Problem to solve: The records beneath should be printed exactly, and the pictures are to be left out.

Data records
● ● ● ● ● ● ●
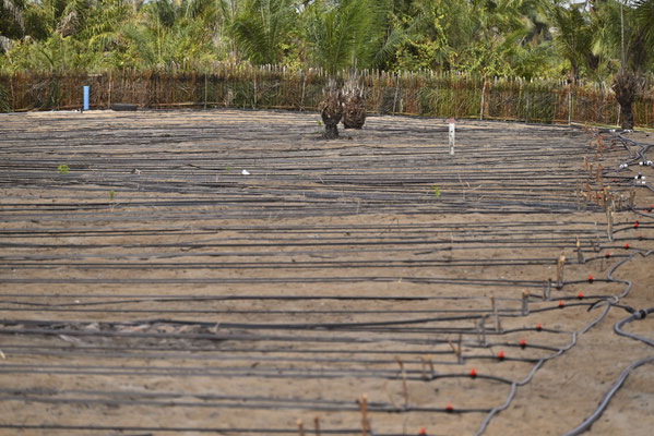 - En phase d'installation, nous disposons d'un potager qui accueillera différents types de légumes et légumineuses sur une superficie d'un hectare avec irrigation goutte à goutte pour garantir une production constante toute l'année, même pendant la saison sèche.
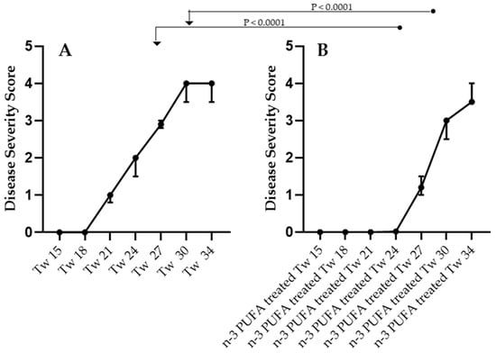 | n-3 PUFAs vs. disease severity | Spearman coefficient r = –0.63 95% C.I.: −0.8414 to −0.2424, n pairs = 20 p = 0.003 | Spearman coefficient r = –0.66 95% C.I.: −0.8557 to −0.2896 n pairs = 20 p = 0.002 |
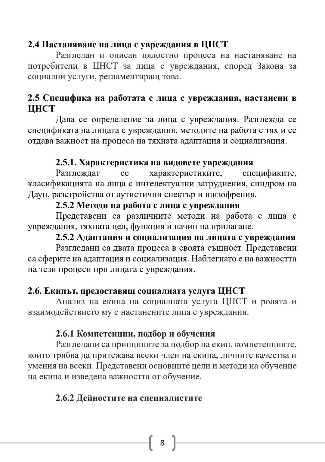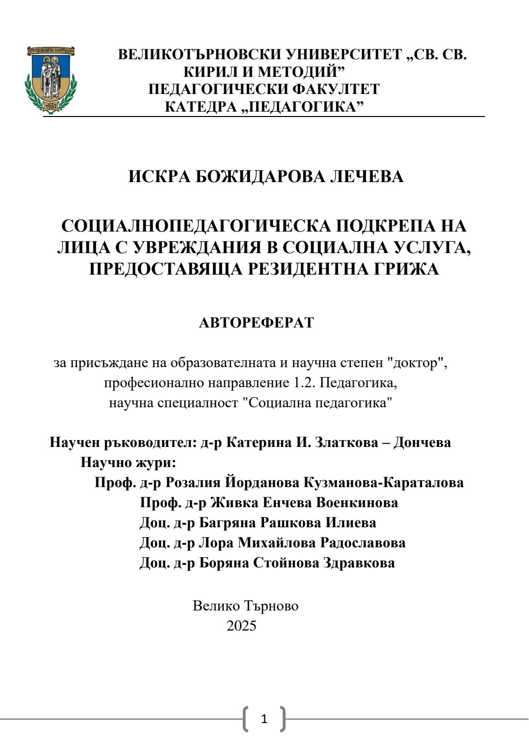 Социалнопедагогическа подкрепа на лица с увреждания в социална услуга, предоставяща резидентна грижа : Автореферат / Искра Божидарова Лечева ; Науч. ръководител Катерина И. Златкова – Дончева
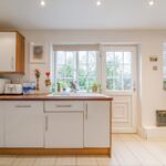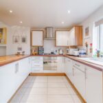 Tiled flooring, ceiling spotlights, gas central heating radiator and plumbing for washing machine. Door and windows to rear elevation, a range of base and wall units with breakfast bar. Integrated dishwasher, sink and drainer unit and fitted cooker with extractor hood.
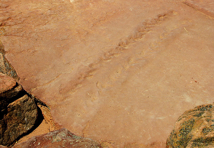 Bild 1: Kriechspur eines Eurypteriden auf einer Felsplatte (die zwei diagonal parallel verlaufenden Spuren).
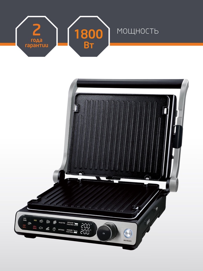 Гриль Leonord LE-1723, 1800Вт, 10 программ, 3 в 1,панели:гриль, гладкие, вафли, до 230°С
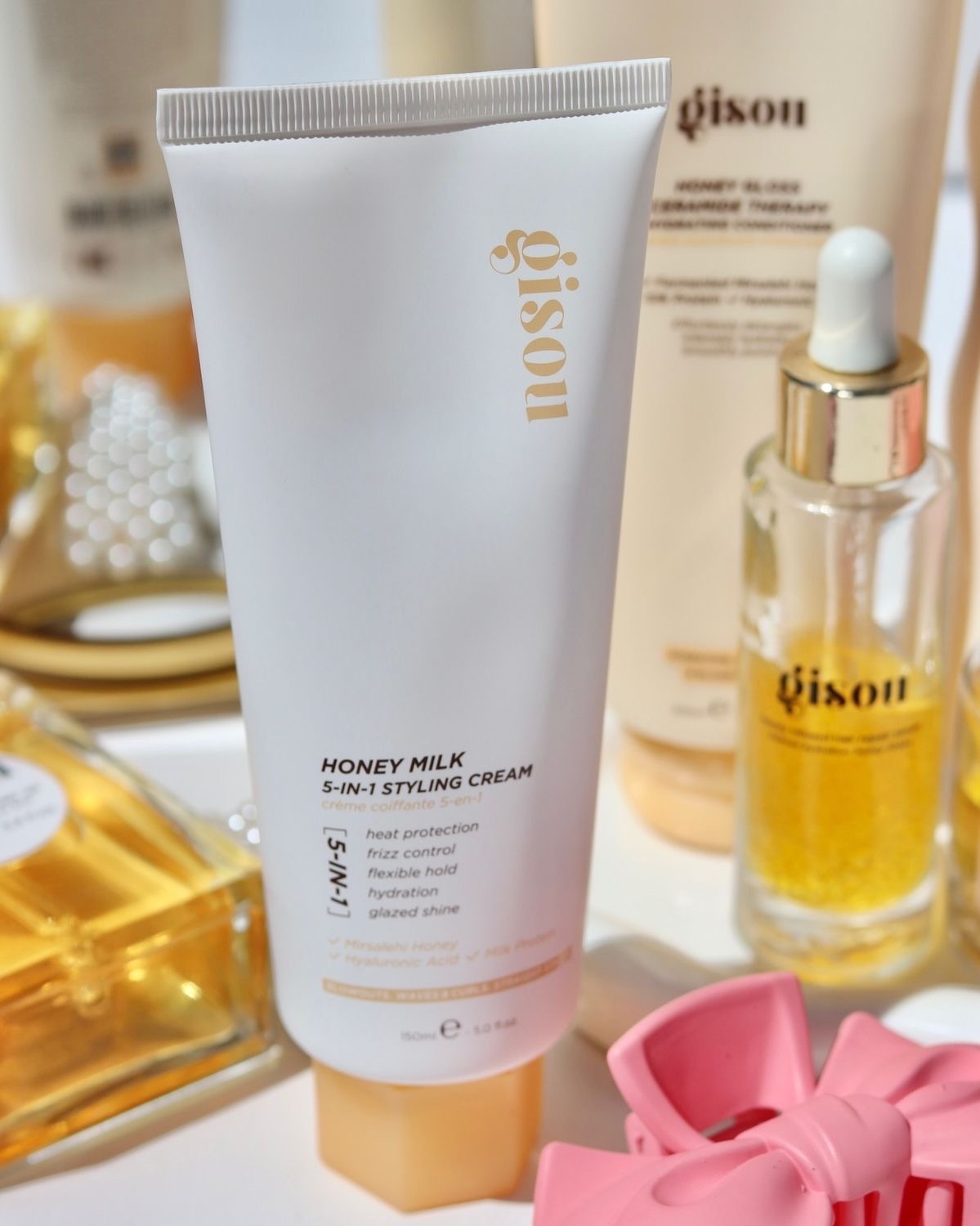 Honey Milk 5-in-1 Styling Cream от Gisou Защищает от тепла до 230°C Увлажняет и питает волосы медом Mirsalehi Придает зеркальный блеск Убирает пушение и держит укладку до 3 дней Делает волосы мягкими и послушными, без утяжеления Нежный коктейль меда, ванили и персика — волосы не только выглядят роскошно, но и пахнут божественно.
● ● ● ● ● ● ●
Answer box:
 - En phase d'installation, nous disposons d'un potager qui accueillera différents types de légumes et légumineuses sur une superficie d'un hectare avec irrigation goutte à goutte pour garantir une production constante toute l'année, même pendant la saison sèche.
 | n-3 PUFAs vs. disease severity | Spearman coefficient r = –0.63 95% C.I.: −0.8414 to −0.2424, n pairs = 20 p = 0.003 | Spearman coefficient r = –0.66 95% C.I.: −0.8557 to −0.2896 n pairs = 20 p = 0.002 |
 Социалнопедагогическа подкрепа на лица с увреждания в социална услуга, предоставяща резидентна грижа : Автореферат / Искра Божидарова Лечева ; Науч. ръководител Катерина И. Златкова – Дончева
 Tiled flooring, ceiling spotlights, gas central heating radiator and plumbing for washing machine. Door and windows to rear elevation, a range of base and wall units with breakfast bar. Integrated dishwasher, sink and drainer unit and fitted cooker with extractor hood.
 Bild 1: Kriechspur eines Eurypteriden auf einer Felsplatte (die zwei diagonal parallel verlaufenden Spuren).
 Гриль Leonord LE-1723, 1800Вт, 10 программ, 3 в 1,панели:гриль, гладкие, вафли, до 230°С
 Honey Milk 5-in-1 Styling Cream от Gisou Защищает от тепла до 230°C Увлажняет и питает волосы медом Mirsalehi Придает зеркальный блеск Убирает пушение и держит укладку до 3 дней Делает волосы мягкими и послушными, без утяжеления Нежный коктейль меда, ванили и персика — волосы не только выглядят роскошно, но и пахнут божественно.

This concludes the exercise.